# ECU Types



## gb95ser (Jan 11, 2003)

hey guys, haven't post here much, but i'm always looking around. awesome forum. i did a bunch of searches here, on sentra.net and se-r.net and found nothing. funny thing is, i have an FSM and couldnt even find the info in that huge ass book! anyway, my question is that i have a 1995 SE-R and i am going to purchace a JWT ecu upgrade in a week or so...so i ordered a 1995 SE-R MT ecu from a junkyard so i wouldn't have downtime while the stock ecu was at jwt. when i compared both ecu's the code on the ecu label was slightly different and when i installed the junkyard ecu i got a check engine light....car ran fine and had the 7100 fuel cut...maybe a california ecu? anyone know anything about variations of ecus or should this one work on my car? appriciate any help you guys can give me. thanks!

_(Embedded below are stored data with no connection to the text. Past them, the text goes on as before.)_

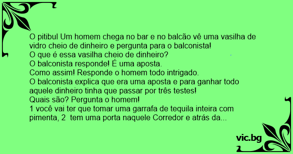 O pitibul Um homem chega no bar e no balcão vê uma vasilha de vidro cheio de dinheiro e pergunta para o balconista!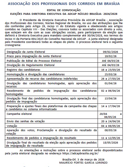 Com base no Artigo 49 do Estatuto da Associação dos Profissionais dos Correios – ADCAP, Núcleo foram designados os associados relacionados a seguir, para compor a Junta Eleitoral, encarregando-os de conduzirem o processo com vistas à Eleição de Diretoria Executiva da ADCAP Brasília, para escolha dos Dirigentes com mandato até 30 de abril de 2028, em conformidade com o inciso III da Portaria 001/2025 do Conselho Nacional da ADCAP, de 18/11/2025.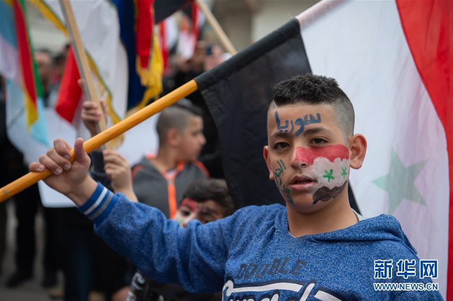 3月23日,一名戈兰高地的德鲁兹儿童举着叙利亚国旗在迈季代勒舍姆斯参加抗议活动,反对美国总统有关戈兰高地的言论。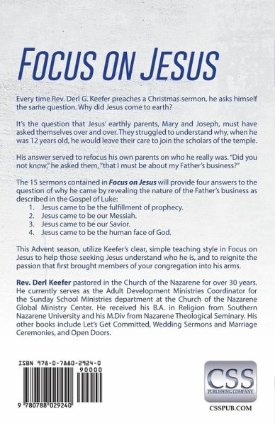 Every time Rev. Derl G. Keefer preaches a Christmas sermon, he asks himself the same question. Why did Jesus come to earth? It's the question that Jesus' earthly parents, Mary and Joseph, must have asked themselves over and over. They struggled to understand why, when he was 12 years old, he would leave their care to join the scholars of the temple. His answer served to refocus his own parents on who he really was."Did you not know," he asked them, "that I must be about my Father's business?" The 15 sermons contained in Focus on Jesus will provide four answers to the question of why he came by revealing the nature of the Father's business as described in the Gospel of Luke: Jesus came to be the fulfillment of prophecy. Jesus came to be our Messiah. Jesus came to be our Savior. Jesus came to be the human face of God. This Advent season, utilize Keefer's clear, simple teaching style in Focus on Jesus to help those seeking Jesus understand who he is, and to reignite the passion that first brought members of your congregation into his arms. Rev. Derl Keefer pastored in the Church of the Nazarene for over 30 years. He currently serves as the Adult Development Ministries Coordinator for the Sunday School Ministries department at the Church of the Nazarene Global Ministry Center. He received his B.A. in Religion from Southern Nazarene University and his M.Div from Nazarene Theological Seminary. His other books include Let's Get Committed, Wedding Sermons and Marriage Ceremonies, and Open Doors.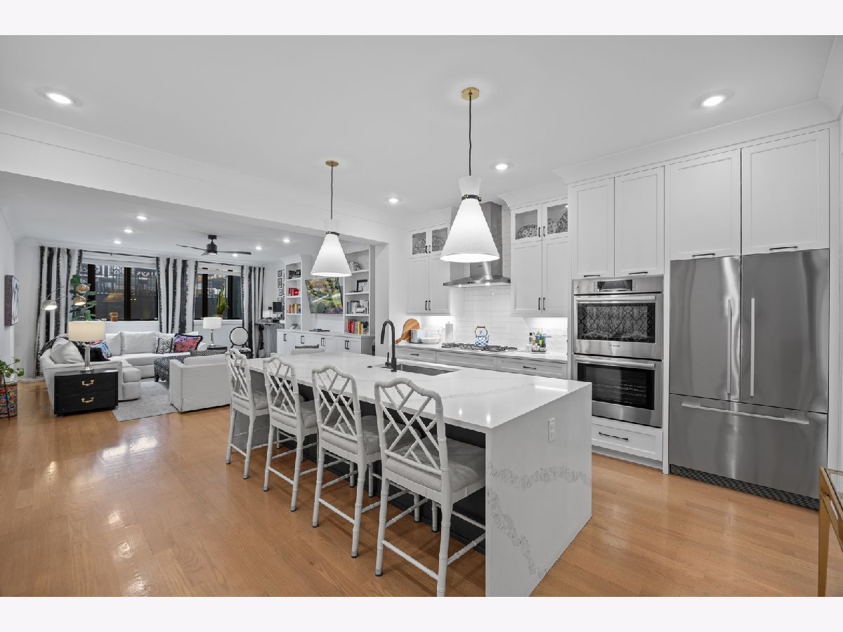 First resale of extra wide, duplex condo in Lincoln Square/Waters Elementary School. Built in 2021, this home features two spacious levels with oversized living/dining room, open concept kitchen/family room & 4 large bedrooms/3.1 baths. Room to live and work from home! Special details include custom built-ins, expansive kitchen with butler's pantry w/wet bar & beverage fridge, quartz island w/waterfall edge, separate breakfast area, Fisher & Paykel, Bosch appliances. Beautiful spa-quality bathrooms with Toto fixtures, primary bath features double vanity, steam shower, rain shower head. Radiant heat in lower level for comfort year-round. Wonderful storage with walk-in closets, a mudroom & one garage parking spot P-5 within gated courtyard. Outdoor space includes a custom designed garage roof top deck with 10' black granite countertop with built in storage & refrigerator with upgraded electric service. Great location near the Square, EL train at Rockwell, Waters Elementary, HarvesTime Foods, River Park, North Shore Channel Trail, the Galter Life Center & more. Experienced builder Platinum Homes. Relocation sale, additional documentation required.

Junkyard code: 5ZE1BW.....BW in big letters
Stock code: 5ZE13G....3G in big letters


----------



## gb95ser (Jan 11, 2003)

come on someone has to know


----------



## andre (Apr 30, 2002)

I'm pretty sure someone around here should know, but if not, try giving JWT a call....maybe they can help you. Just explain the situation....they'll be modifying the ECU for you anyway.


----------



## gb95ser (Jan 11, 2003)

bump


----------



## Lucino200sx (Apr 30, 2002)

so what did you find out?


----------



## andre (Apr 30, 2002)

D'oh, I just called JWT for a personal question today, but I forgot about your issue. Try calling them, or finding out at a dealership.


----------



## hpro123 (Apr 30, 2002)

gb95ser,

just make sure you keep your own ECU and send JWT the new one you have.

Tell them that your car has a slightly different ECU, give them the code #s of your own ECU, and state what exactly is the spec of yor car (i.e. something like 1995 B14, non-CA emmissions, MT, etc.)

They will take it into account and put the correct code in the one you will send them.

Chris


----------